India and Pakistan are suffering from unprecedented heat


According to climate change experts, a record heat wave has hit India and Pakistan, causing power cuts and water shortages for millions of people.

An unprecedented heat wave is blowing In India And at Pakistan. This situation is leading to power cuts and water shortages for millions of people in these two countries.

The temperature in Delhi on Thursday was close to 46 degrees Celsius. “This Friday, April 29th, the thermometer may be near 50 degrees in some areas,” explains Alban Alvarez, our correspondent in New Delhi. Authorities have issued a warning and advised vulnerable people to avoid going outside.

The Indian Meteorological Department said the extreme heat wave will continue for another five days in northwestern and central India and into the east till the weekend.

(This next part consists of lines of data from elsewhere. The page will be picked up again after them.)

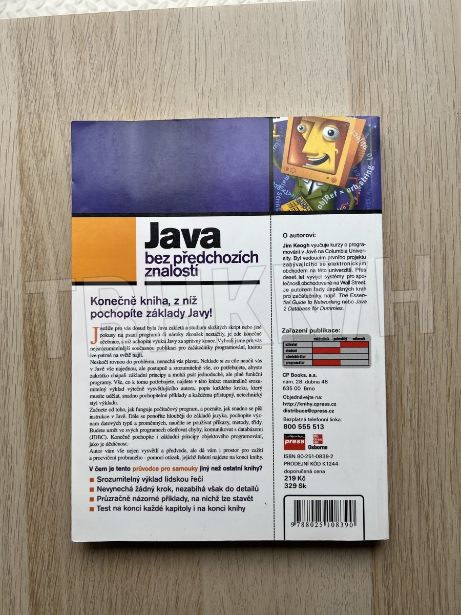 Konečně je zde kniha, s níž porozumíte Javě! Bez obvyklého odborného slangu, na množství jednoduchých příkladů, s kontrolními otázkami na koncích kapitol a se závěrečným testem sami a v krátké době zvládnete základy Javy: stavbu programů, výrazy a příkazy, ošetření výjimek a JDBC, zvládnete zkrátka vytváření fungujících programů v Javě! Otevřte knihu a staňte se programátory.
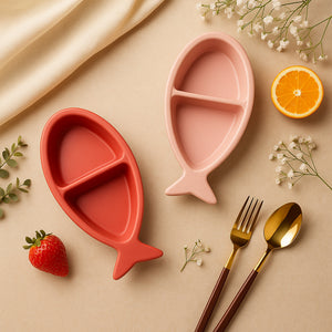 Add a touch of whimsy to your serveware collection with these Sectioned Fish Plates. These sectioned serving dishes can be used to serve snacks, starters, chips, along with sauce or dips. The ceramic sectioned snack plate in the shape of a crescent and poppy color is sure to offer a cute look to your table. It is perfect for serving food at a party and also makes a great gift for a birthday or a housewarming party.
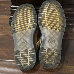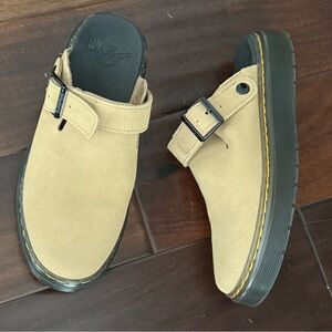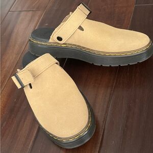 Beige suede slip-on shoes by Dr. Martens. Features a sturdy black sole and adjustable strap.
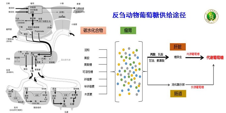 二是由非糖物質(zhì)轉(zhuǎn)化合成的葡萄糖即糖原異生。后者在反芻動(dòng)物體內(nèi)占主要地位,而丙酸是反芻動(dòng)物體內(nèi)葡萄糖異生的主要前體物。
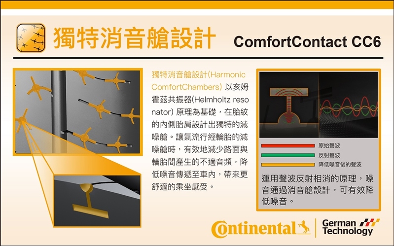 以“亥姆霍兹共振器”的原理為基礎,ComfortContact CC6的胎肩部位配有消音艙,聲波通過進出消音艙,可以消除令人不適的噪音頻率。此外,獨特變頻降噪器設計,可打散流竄於胎面凹槽中的音波以降低噪音量,確保安靜的行駛。

Tara Singh, 65, who has been running a small street shop in Delhi since 1978, said, “This is the first time we have seen such heat in April.” “The betel I use to sell the pan (chewing tobacco, editor’s note) spoils faster than usual. It usually happens in May, at the peak of summer.”

Electrical interruptions

India’s northwestern Rajasthan, western Gujarat and southern Andhra Pradesh have imposed power cuts on factories to reduce consumption. According to press reports, large power plants are facing a shortage of coal.

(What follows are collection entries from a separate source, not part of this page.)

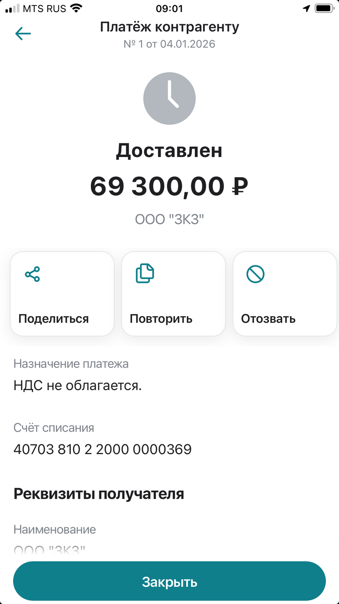 Недельный запас оплачен.
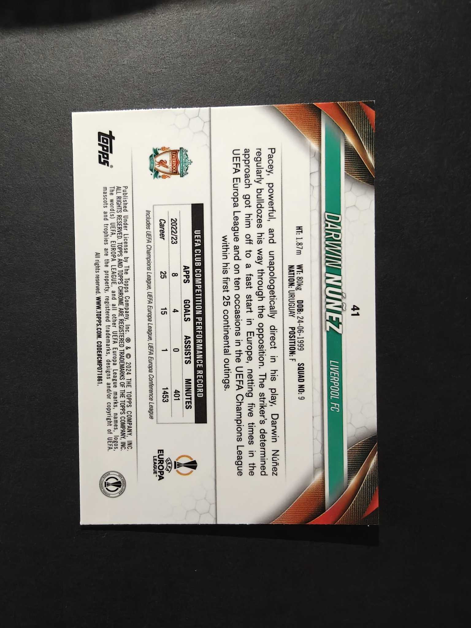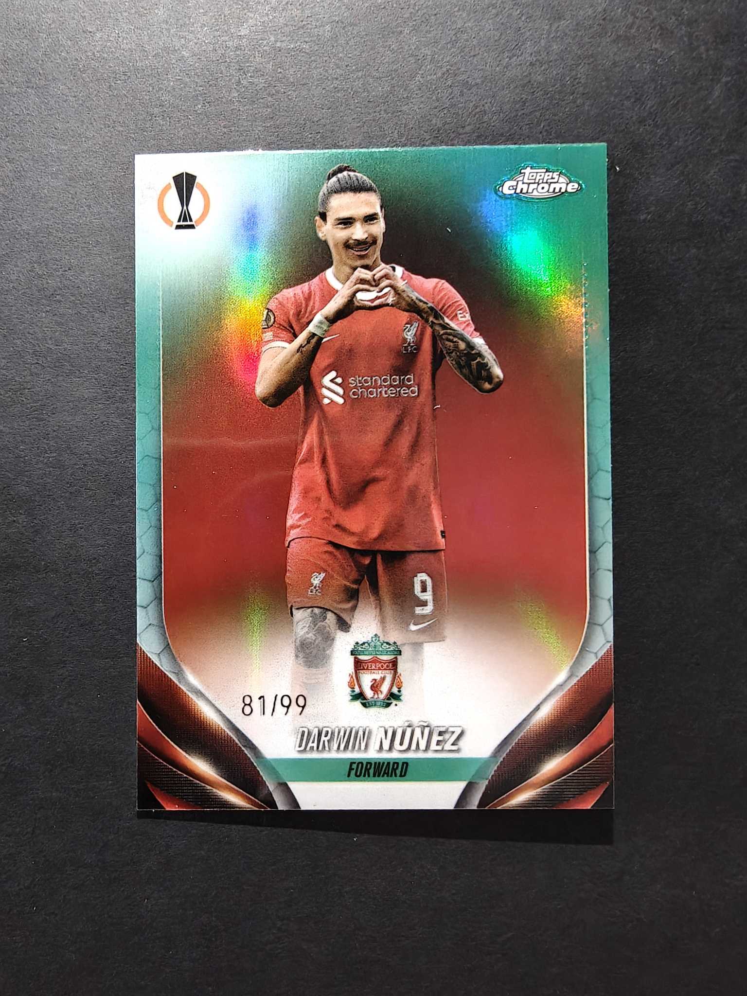 2023-24 Topps Chrome Darwin Nunez 努涅斯 99编彩拼 欧战TC 达尔文 努涅斯 /99编 彩拼折 红配红 英超 利物浦 乌拉圭 神锋 默认微瑕 介意勿拍
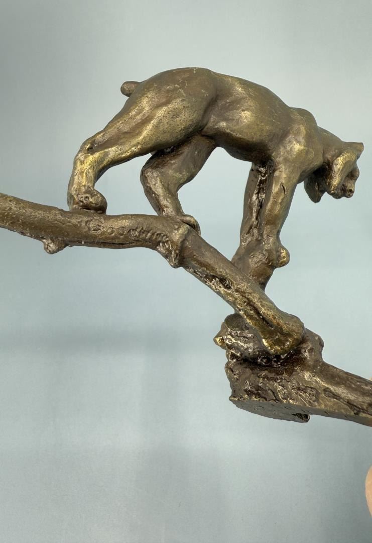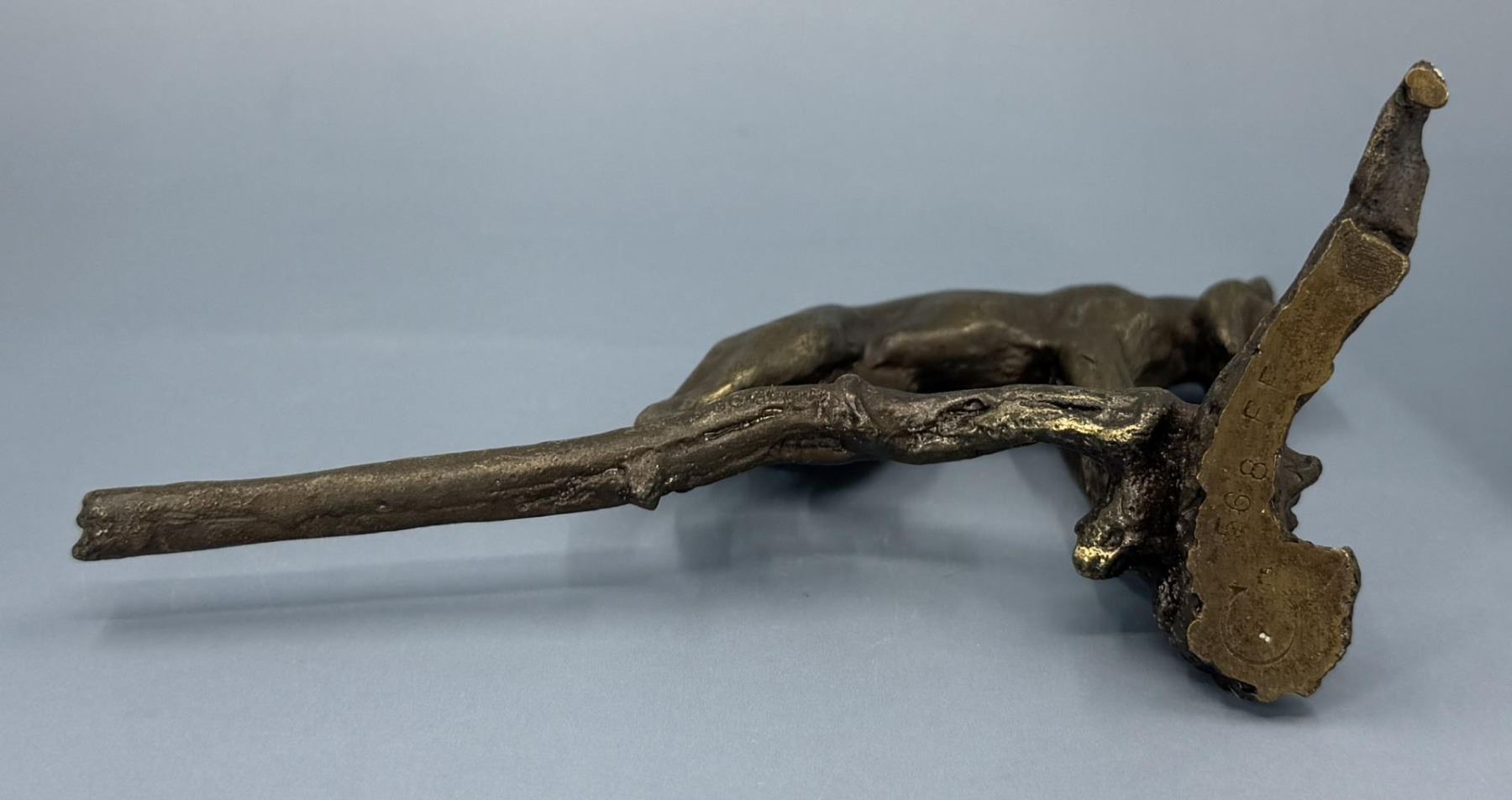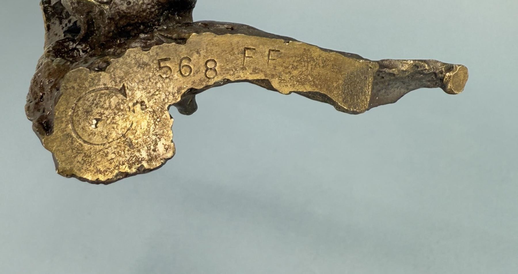 5 1/2" by 3 1/8" by 2 1/8" Philip Russell Goodwin (1881 - 1935) was active/lived in New York, Connecticut. Philip Goodwin is known for Animal, field-stream illustration. Known for his illustrations of hunting, fishing, and cowboy scenes, especially scenes featuring firearms, Philip R. Goodwin was from Norwich, Connecticut. By the age of eleven, he had already sold his first illustrations to Collier's magazine. He was educated at the Rhode Island School of Design in Providence and the Art Students' League in New York. He also studied with Howard Pyle in Pennsylvania. His works exhibit much of Pyle's earnestness and discipline, but are restricted almost entirely to subjects of hunting and fishing. In this limited area, however, he produced many notable pictures, the subject matter always convincing and dramatic in color. In his early twenties, he established a studio in New York and met Charles Russell, whose paintings of western subjects provided a great influence on Goodwin's work in that genre. Goodwin's interest in scenes of cowboys and ranch life is evident in Bronco Buster. The two men traveled together on several occasions, sketching source material for their paintings. Meanwhile, Goodwin appeared in such books as Jack London's Call of the Wild. Goodwin's pictures were also published in Harper's Monthly and Weekly, Outing, Scribner's, and Everybody's magazines, in addition to calendar subjects for Brown & Bigelow, advertising for Winchester Arms and the Marlin Firearms Company. He also illustrated African Game Trails for Theodore Roosevelt. Goodwin's interest in Charles Russell is seen not only in Goodwin's use of bright, vivid colors, but also in the romanticized subject matter, which appears to celebrate the bonding of rider and mount.

In many parts of the country, with a population of 1.4 billion, water shortages worsen only during the annual monsoon season in June and July. In March, Delhi recorded a maximum temperature of 40.1 degrees, the hottest month on record since 1946.

The worst has not yet come

Heat waves have killed more than 6,500 people in India since 2010. Scientists say they occur more frequently due to climate change, but are more severe.

Climate change “It is raising temperatures in India,” said Dr Mariam Zachariah, of the Grantham Institute at Imperial College London. “We can expect it now. High temperatures once every four years,” he warns.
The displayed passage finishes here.